Only the pictures are to be left out, and the rest of the entries should be reproduced exactly.

(Records from a dataset)
--- --- ---

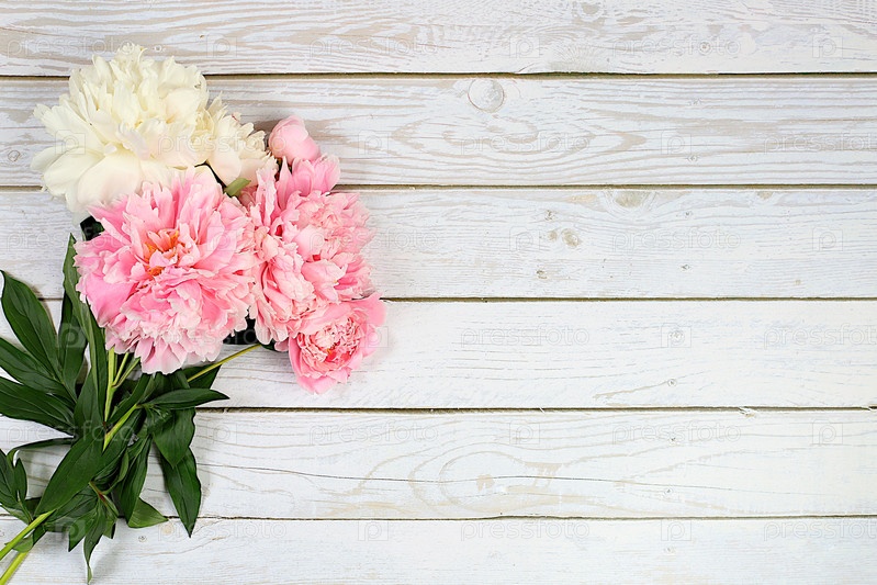 Букет свежих пионов на деревянном фоне.Абстрактная цветочная композиция.Баннер для поздравлений с Днем матери, свадьбой, Женским днем, днем рождения. Минимальная современная эстетика, элегантная концепция красоты
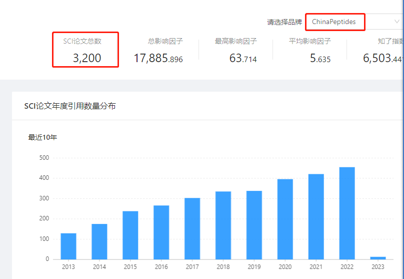 According to incomplete statistics, as of December 31, 2022, more than 3200 SCI papers have quoted the services and products of ChinaPeptides. The services and products of ChinaPeptides cited in the literature are mainly peptide synthesis and customization, with a total impact factor of 17,885.896 and an average impact factor of 5.635. In 2022 alone, ChinaPeptides-assisted the publication of 455 SCI literatures, the number of literatures in a single year increased for 10 consecutive years, again reaching a record high.
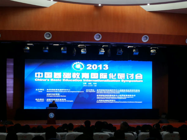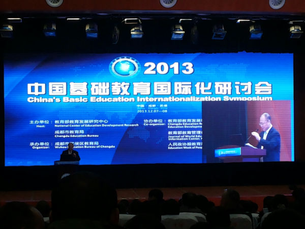 为了进一步拓宽全市教育国际化视野,搭建教育国际化的交流平台,由教育部教育发展研究中心、成都市教育局主办,教育部教育发展研究中心成都教育改革研究基地、世界教育信息杂志、人民政协报教育周刊协办,成都市武侯区教育局承办的“2013中国基础教育国际化研讨会”于2013年12月7日、8日在成都川大附中隆重举行。
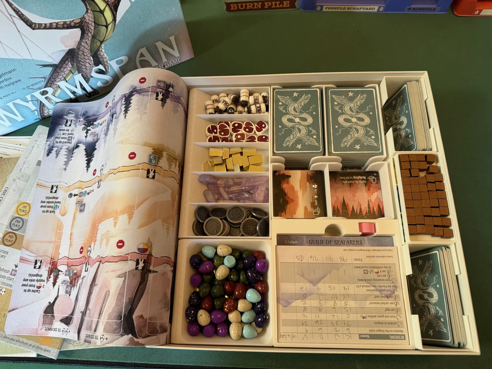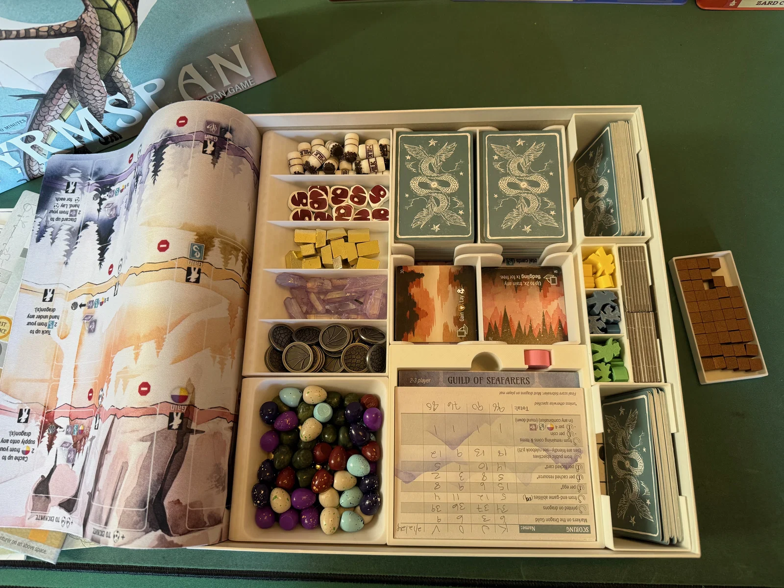 Cập nhật 22/10/2025 Mình đã làm các file mới để chứa thẻ Dragon Academy, token và các linh kiện khác. Do phải tích hợp các yếu tố mới từ bản mở rộng, một số phụ kiện ở bản insert gốc đã được loại bỏ để tiết kiệm diện tích. Mình cố gắng tối ưu hóa để tận dụng lại các khay đựng tài nguyên, thẻ, trứng và hang động.
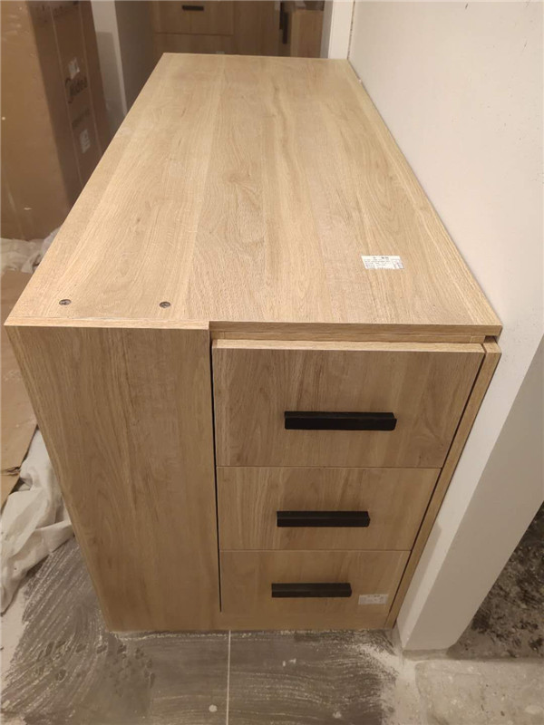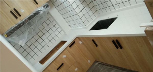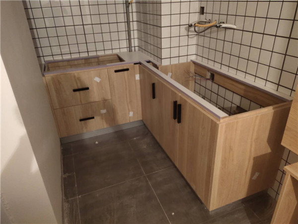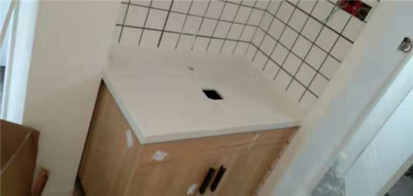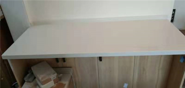 臺面安裝完畢啦,臺面下面還鋪有一層1.8公分厚的臺墊板,可以增加受力面積,臺面不容易斷裂。
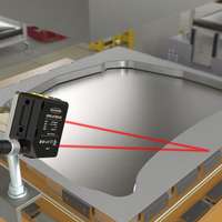邦纳LE550激光传感器是零部件就位检验过程的理想选择。对于远距离外的小型零部件就位检验,它既可靠又非常准确。LE550采用数字输出来测量3 mm的厚度,确保固定夹存在,并且发动机缸体处于正确位置。
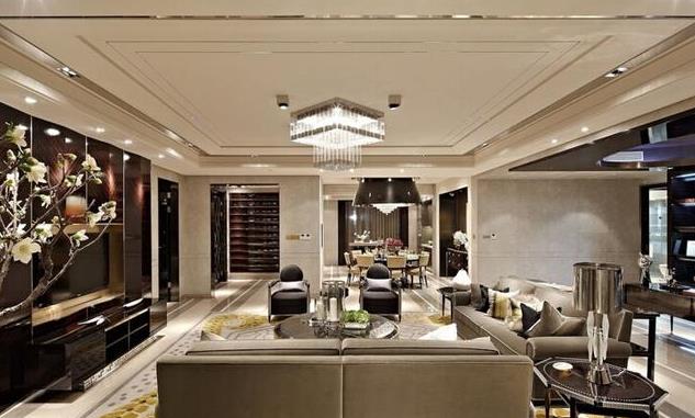 這樣的不銹鋼線條吊頂是不是讓整個天花板都生色不少?用不銹鋼來裝飾吊頂邊緣,就像是為整個家居天花板系上了一條銀亮的絲帶,時尚、美觀、大方。且與整體家裝風格相一致,搭配精美的水晶吊燈,營造的整個客廳時尚感爆棚。
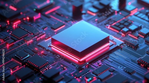 © Johannes, Fototapeta premium Artificial intelligence microchip. Microprocessor with AI technology
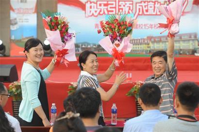 15年前青岛实验初中正式揭牌,15年来实验初中的校长、老师、学生共同努力成功创出了 “以人为本、快乐育才”的教育理念,并在正常教学和学校管理中践行这一理念,而这一理念的受益者则是一批又一批实验初中的毕业生们。校庆典礼上,15年前在实验初中揭牌仪式上献辞的学生代表衣然也出现在了校庆现场,当年的小姑娘如今已经成为中央电视台的主持人,她在现场表达了对两位恩师孙廻和徐靖的感谢之情,离开校园十几年,依然不忘当年恩师的谆谆教导和师生情,初中生涯的学习和历练为后来的深造打下了坚实的基础。她也作为校友代表为曾经在学校工作过的多位校长献花,感谢他们在学校的发展历程中付出的心血和作出的贡献。
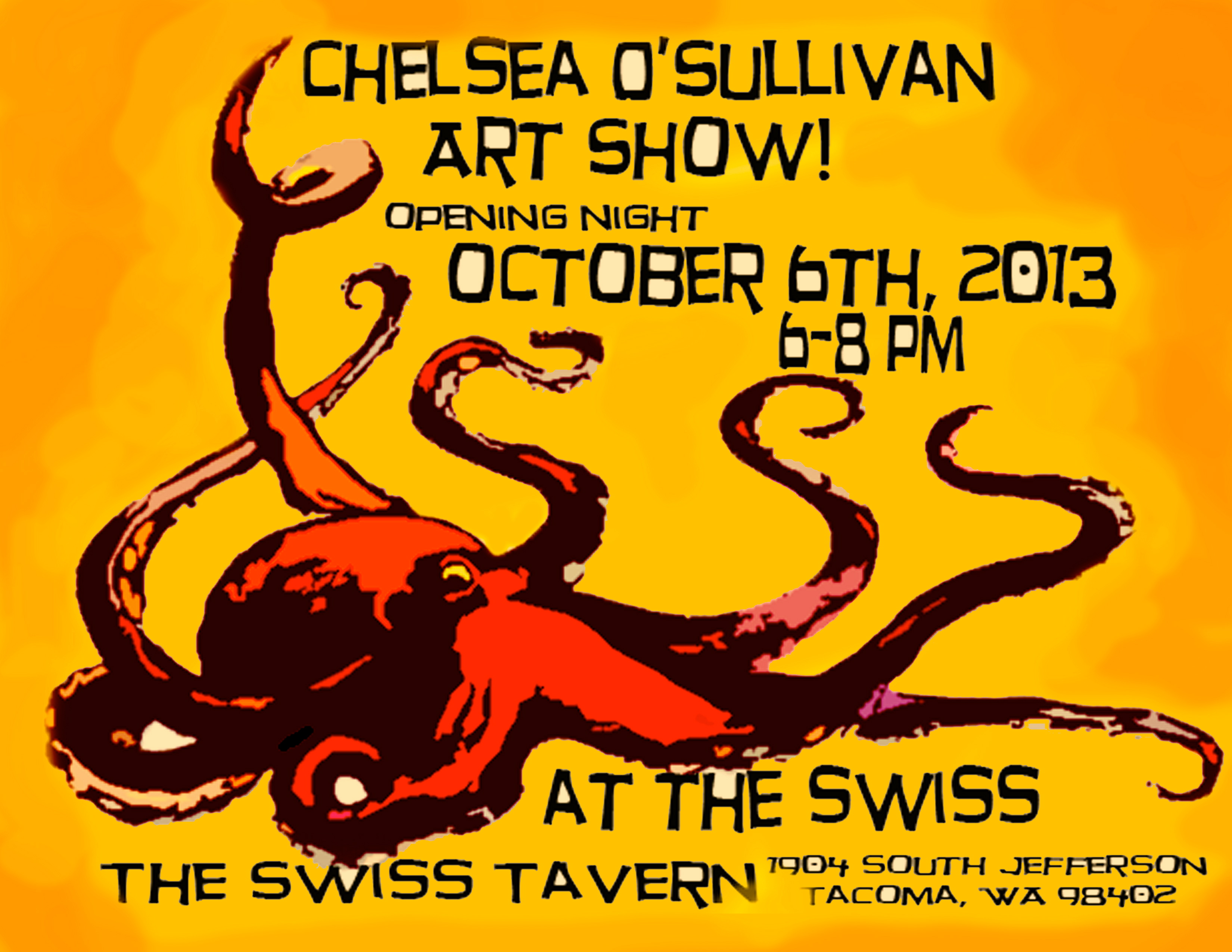 Please come for opening night Sunday, October 6th from 6pm- 8pm. We will be celebrating Chelsea completing her most recent mural for the Tacoma Murals Project and showing work from her collection. The event is free to attend and all ages until 8pm. Hope to see you there!

--- --- ---

• Written solution:
 Букет свежих пионов на деревянном фоне.Абстрактная цветочная композиция.Баннер для поздравлений с Днем матери, свадьбой, Женским днем, днем рождения. Минимальная современная эстетика, элегантная концепция красоты
 According to incomplete statistics, as of December 31, 2022, more than 3200 SCI papers have quoted the services and products of ChinaPeptides. The services and products of ChinaPeptides cited in the literature are mainly peptide synthesis and customization, with a total impact factor of 17,885.896 and an average impact factor of 5.635. In 2022 alone, ChinaPeptides-assisted the publication of 455 SCI literatures, the number of literatures in a single year increased for 10 consecutive years, again reaching a record high.
 为了进一步拓宽全市教育国际化视野,搭建教育国际化的交流平台,由教育部教育发展研究中心、成都市教育局主办,教育部教育发展研究中心成都教育改革研究基地、世界教育信息杂志、人民政协报教育周刊协办,成都市武侯区教育局承办的“2013中国基础教育国际化研讨会”于2013年12月7日、8日在成都川大附中隆重举行。
 Cập nhật 22/10/2025 Mình đã làm các file mới để chứa thẻ Dragon Academy, token và các linh kiện khác. Do phải tích hợp các yếu tố mới từ bản mở rộng, một số phụ kiện ở bản insert gốc đã được loại bỏ để tiết kiệm diện tích. Mình cố gắng tối ưu hóa để tận dụng lại các khay đựng tài nguyên, thẻ, trứng và hang động.
 臺面安裝完畢啦,臺面下面還鋪有一層1.8公分厚的臺墊板,可以增加受力面積,臺面不容易斷裂。
邦纳LE550激光传感器是零部件就位检验过程的理想选择。对于远距离外的小型零部件就位检验,它既可靠又非常准确。LE550采用数字输出来测量3 mm的厚度,确保固定夹存在,并且发动机缸体处于正确位置。
 這樣的不銹鋼線條吊頂是不是讓整個天花板都生色不少?用不銹鋼來裝飾吊頂邊緣,就像是為整個家居天花板系上了一條銀亮的絲帶,時尚、美觀、大方。且與整體家裝風格相一致,搭配精美的水晶吊燈,營造的整個客廳時尚感爆棚。
 © Johannes, Fototapeta premium Artificial intelligence microchip. Microprocessor with AI technology
 15年前青岛实验初中正式揭牌,15年来实验初中的校长、老师、学生共同努力成功创出了 “以人为本、快乐育才”的教育理念,并在正常教学和学校管理中践行这一理念,而这一理念的受益者则是一批又一批实验初中的毕业生们。校庆典礼上,15年前在实验初中揭牌仪式上献辞的学生代表衣然也出现在了校庆现场,当年的小姑娘如今已经成为中央电视台的主持人,她在现场表达了对两位恩师孙廻和徐靖的感谢之情,离开校园十几年,依然不忘当年恩师的谆谆教导和师生情,初中生涯的学习和历练为后来的深造打下了坚实的基础。她也作为校友代表为曾经在学校工作过的多位校长献花,感谢他们在学校的发展历程中付出的心血和作出的贡献。
 Please come for opening night Sunday, October 6th from 6pm- 8pm. We will be celebrating Chelsea completing her most recent mural for the Tacoma Murals Project and showing work from her collection. The event is free to attend and all ages until 8pm. Hope to see you there!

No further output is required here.